Exercise:
The answer should contain only the lines from the beginning of the entries through the line that holds "ДЪЛЪГ СЕТ ТОП", given again exactly, with no pictures.

[Items from a dataset]
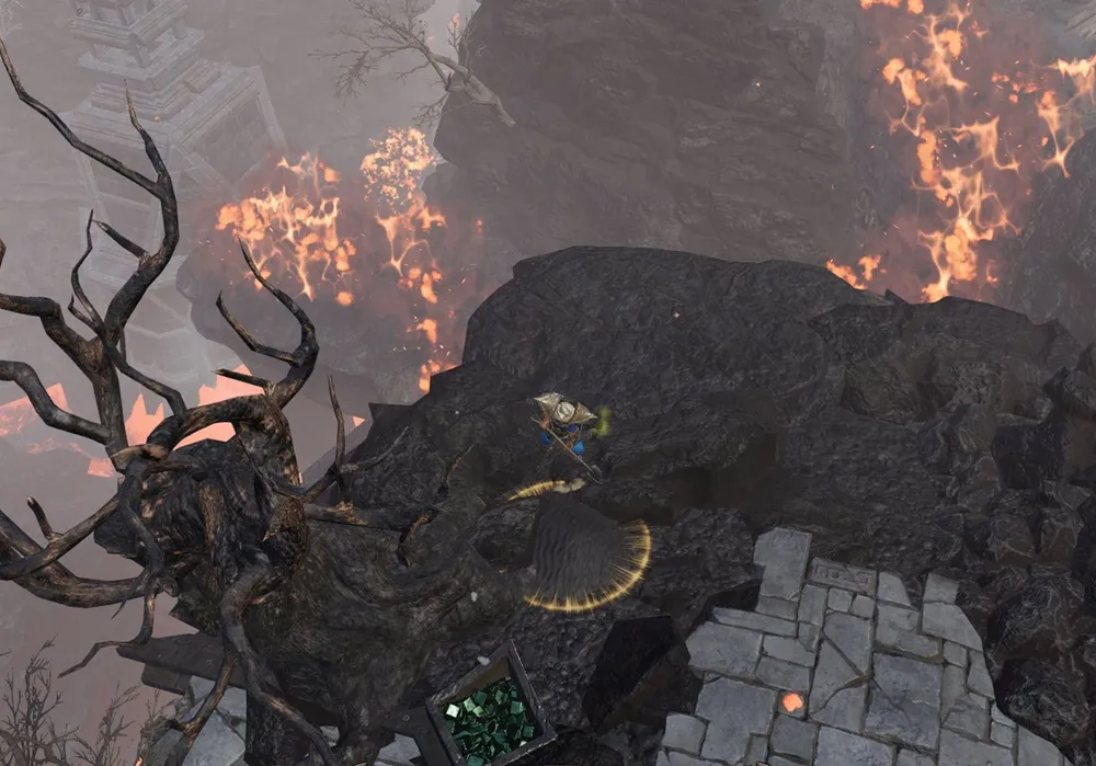 К лагерю Чёрного Круга вор не пошёл, решив продолжать движение против часовой стрелки по пылающим обрывам, с целью отыскать тайный вход в Академию. На одном из обрывов выкопал второй клад,
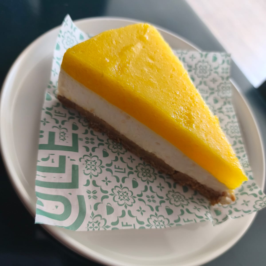 Pay a base de yogurt griego, cubierto de mango natural. Refrescante y delicioso.
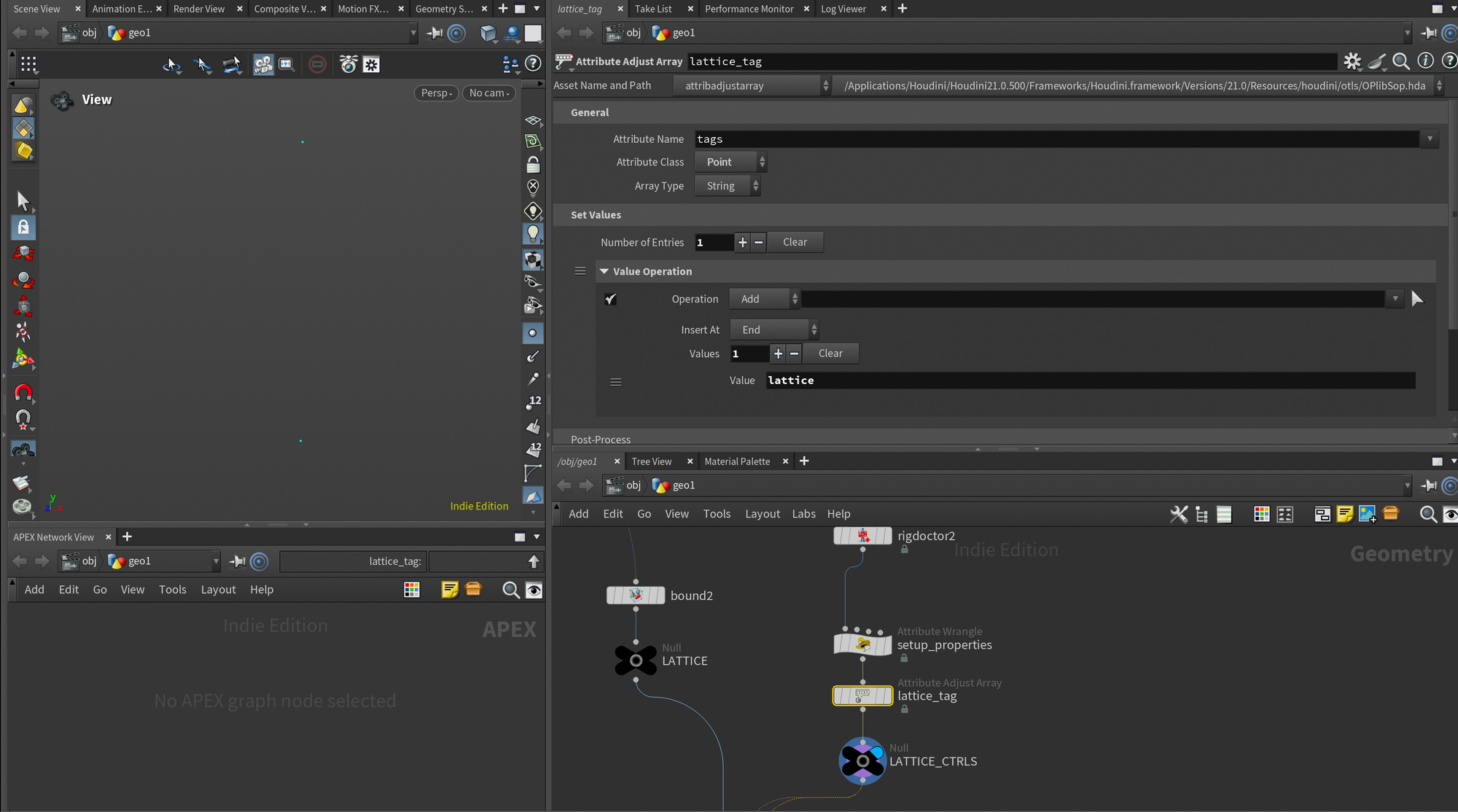 Finally I added an Attribute Adjust Array node to add a tag to our lattice controls. I briefly covered tags in my earlier APEX post, but essentially they are a simple bookmark for us to easily find any of our lattice controls when we start working in APEX.
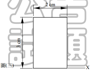18. 如圖(三)所示,X 軸通過一長方形面積之一短邊。若長方形面積之邊長分別為 3 cm 及 2 cm, 則此長方形面積對 X 軸的面積慣性矩的大小為多少 cm
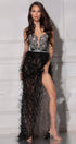 ДЪЛЪГ СЕТ ТОП С ПОЛА OPHELIA ДАНТЕЛА ГЛИТЕР ПЕРА ЧЕРЕН С НЮД
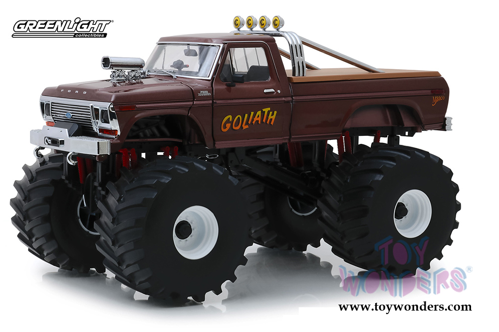 13540 Greenlight - Kings of Crunch Ford F-250 Monster Truck (with 66-inch Tires) - Goliath. 1:18 scale diecast collectible model. This Ford monster truck is a 12.5"L x 5.75"W x 6.5"H diecast metal car. This '79 monster truck is manufactured by Greenlight. Limited Edition. 13540 is in BROWN color. Individually packed in a box. Box size: 15.5"Lx 10"Wx 9.5"H.
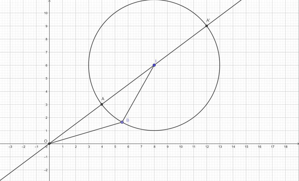 $OI cắt$ $(C)$ tại điểm gần $O$ hơn là $A$
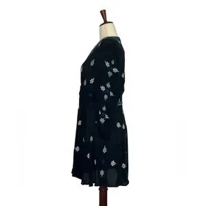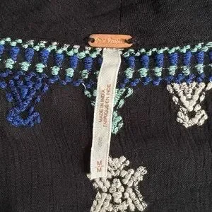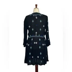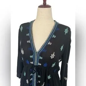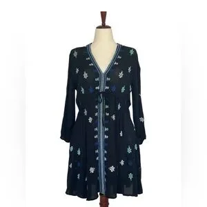 Free People Walking On A Dream Embroidered Mini Dress Black Boho Tunic Size M
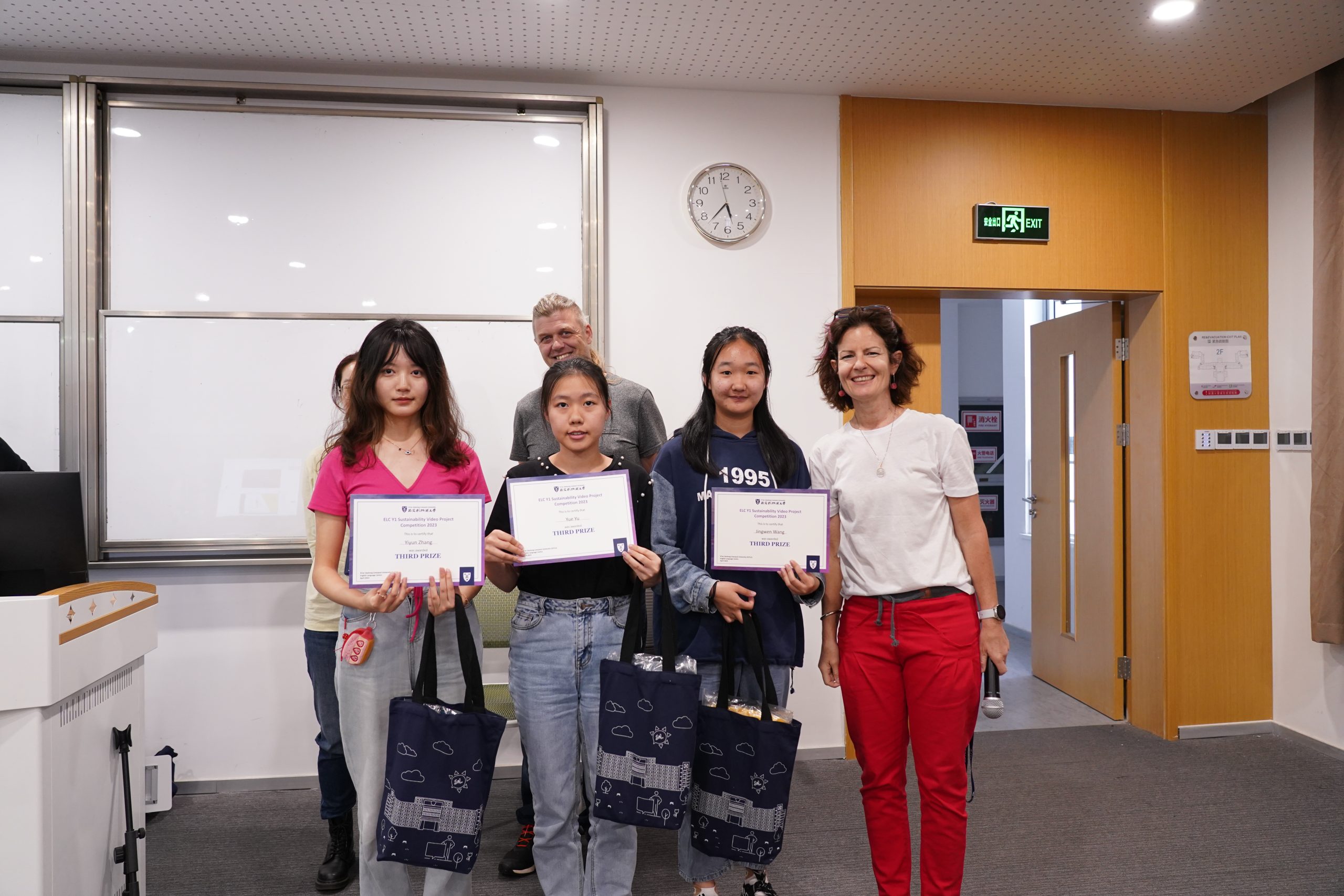 A group composed of Jinwen Wang, Yiyun Zhang and Yue Yu received third prize for their video, which is also about food waste.
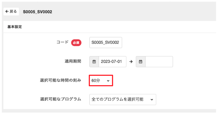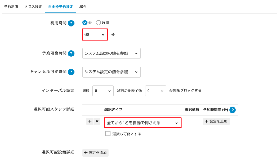 [自由枠予約設定]の[利用時間]はパーソナルトレーニングのレッスン時間の「60」分と設定します。
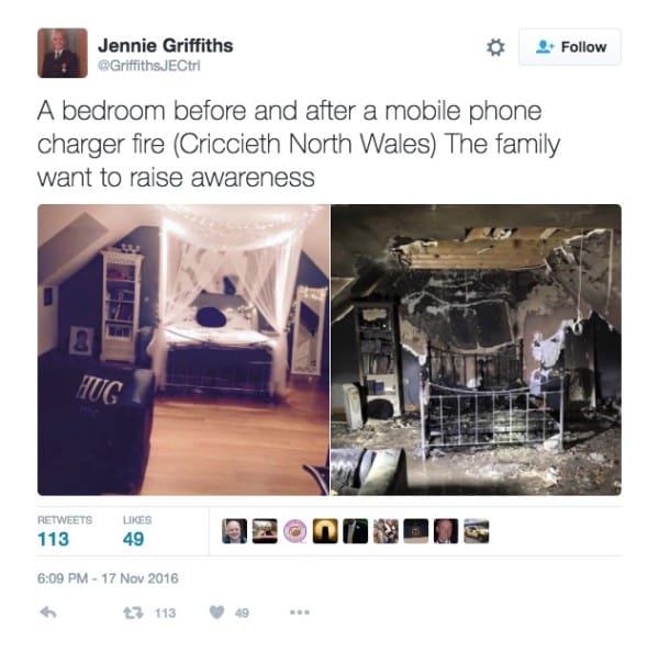▼給手機充電引發火災已經不是第一次了,之前消防局就分享過一個房間火災前後的對比照,那是一個小女孩的臥室,她在床上充電,結果變成了這樣。
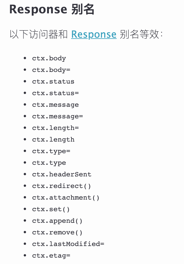 ctx.body = 'Hello Koa' // ctx.response.body = 'Hello Koa'
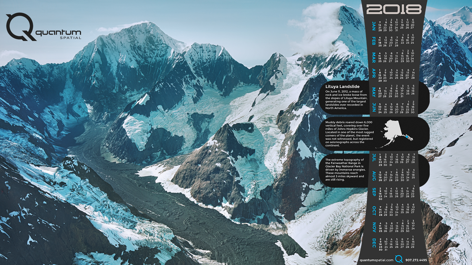 The New Year is right around the corner, which means the Quantum Spatial 2018 calendar is here! We have a downloadable desktop calendar that captures an incredible view of Alaska’s Lituya Landslide. There are two different image sizes to accommodate variation in screen dimensions. Click on the image to begin download. Enjoy, and Happy New Year from everyone at Quantum Spatial!
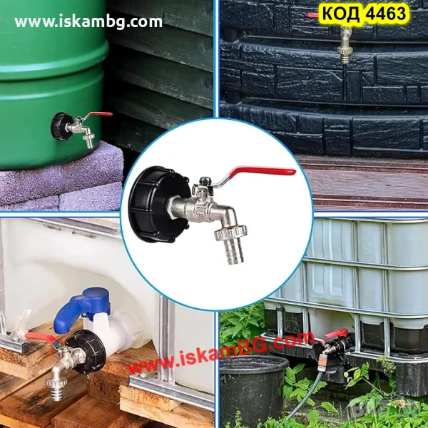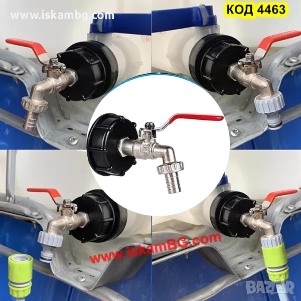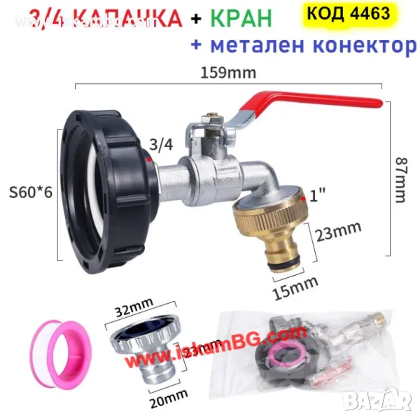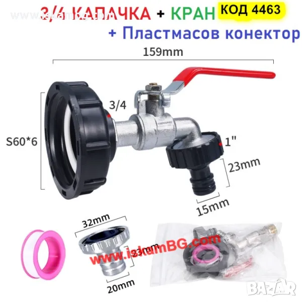 Канелка кранче за бидон резервоар 1000 литра IBC и капачка преход редукция 1/2 или 3/4 - код 4463
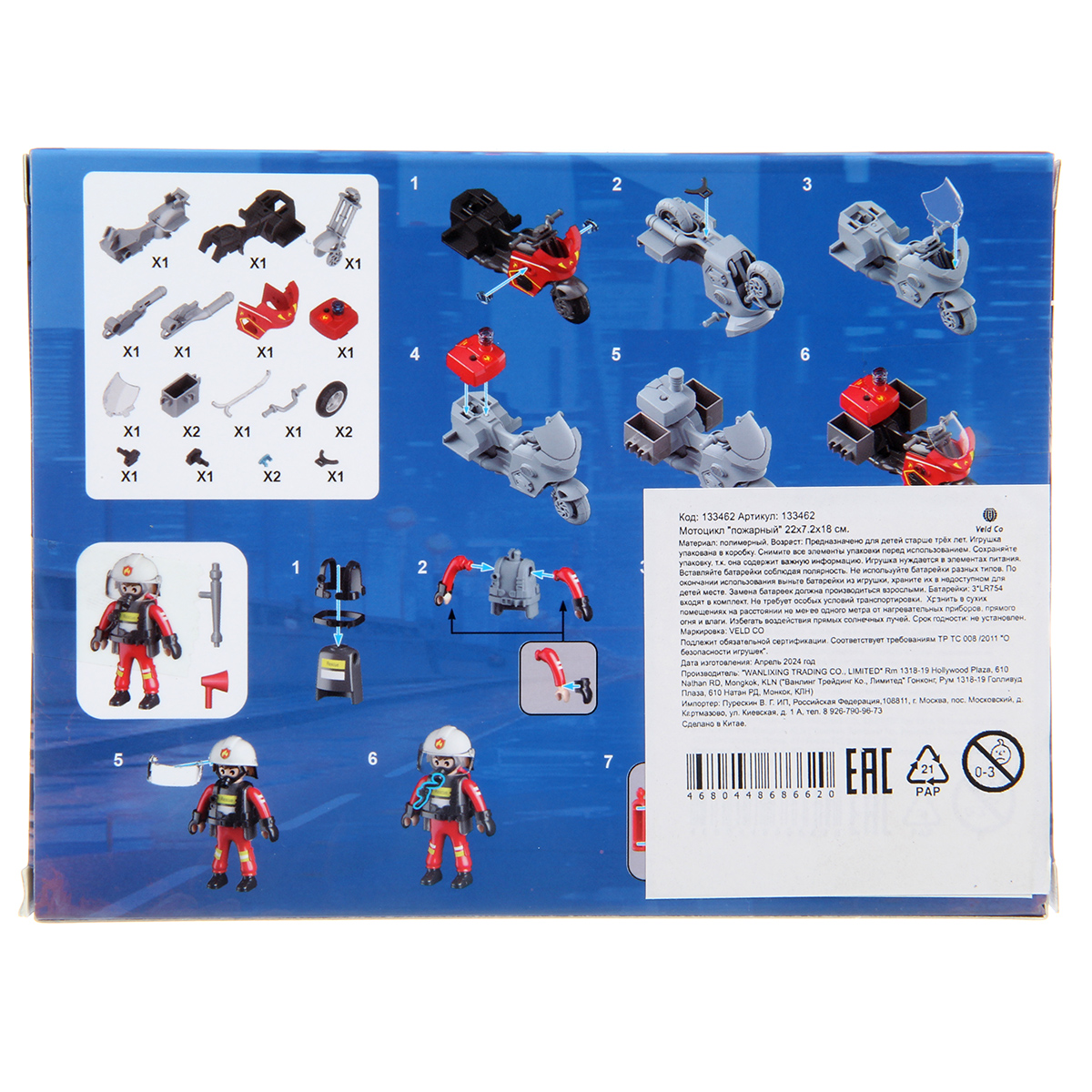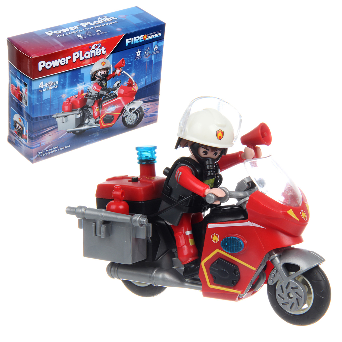 Роскошная игрушка конструктор с фигуркой пожарного и мотоциклом, это отличный набор для тематических игр. Пожарный с подвижными руками и ногами, вкладываем в руки аксессуары, игрушечный мотоцикл с движением во все стороны и красивой подсветкой.
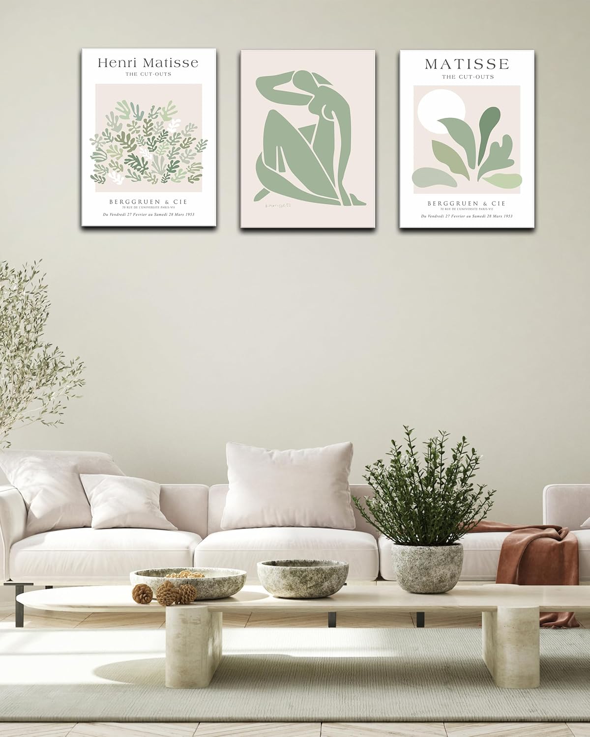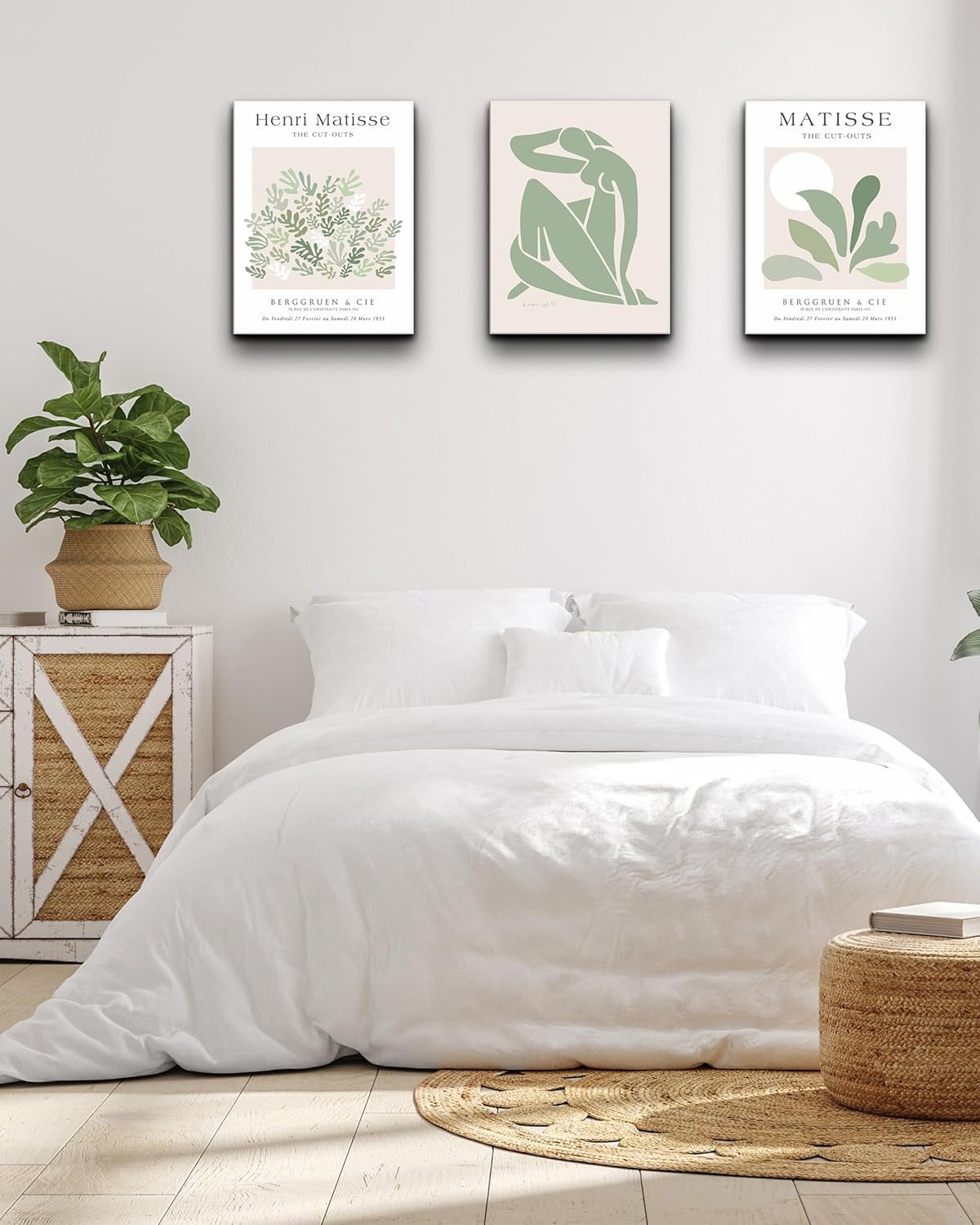 💘 Matisse Wall Art Print Set: This set includes three art prints featuring works by the famous French artist Matisse. The minimalist art style presents vivid colors, simple patterns, and an independent spirit, conveying a sense of freedom and vitality

Your solution:
 К лагерю Чёрного Круга вор не пошёл, решив продолжать движение против часовой стрелки по пылающим обрывам, с целью отыскать тайный вход в Академию. На одном из обрывов выкопал второй клад,
 Pay a base de yogurt griego, cubierto de mango natural. Refrescante y delicioso.
 Finally I added an Attribute Adjust Array node to add a tag to our lattice controls. I briefly covered tags in my earlier APEX post, but essentially they are a simple bookmark for us to easily find any of our lattice controls when we start working in APEX.
18. 如圖(三)所示,X 軸通過一長方形面積之一短邊。若長方形面積之邊長分別為 3 cm 及 2 cm, 則此長方形面積對 X 軸的面積慣性矩的大小為多少 cm
 ДЪЛЪГ СЕТ ТОП С ПОЛА OPHELIA ДАНТЕЛА ГЛИТЕР ПЕРА ЧЕРЕН С НЮД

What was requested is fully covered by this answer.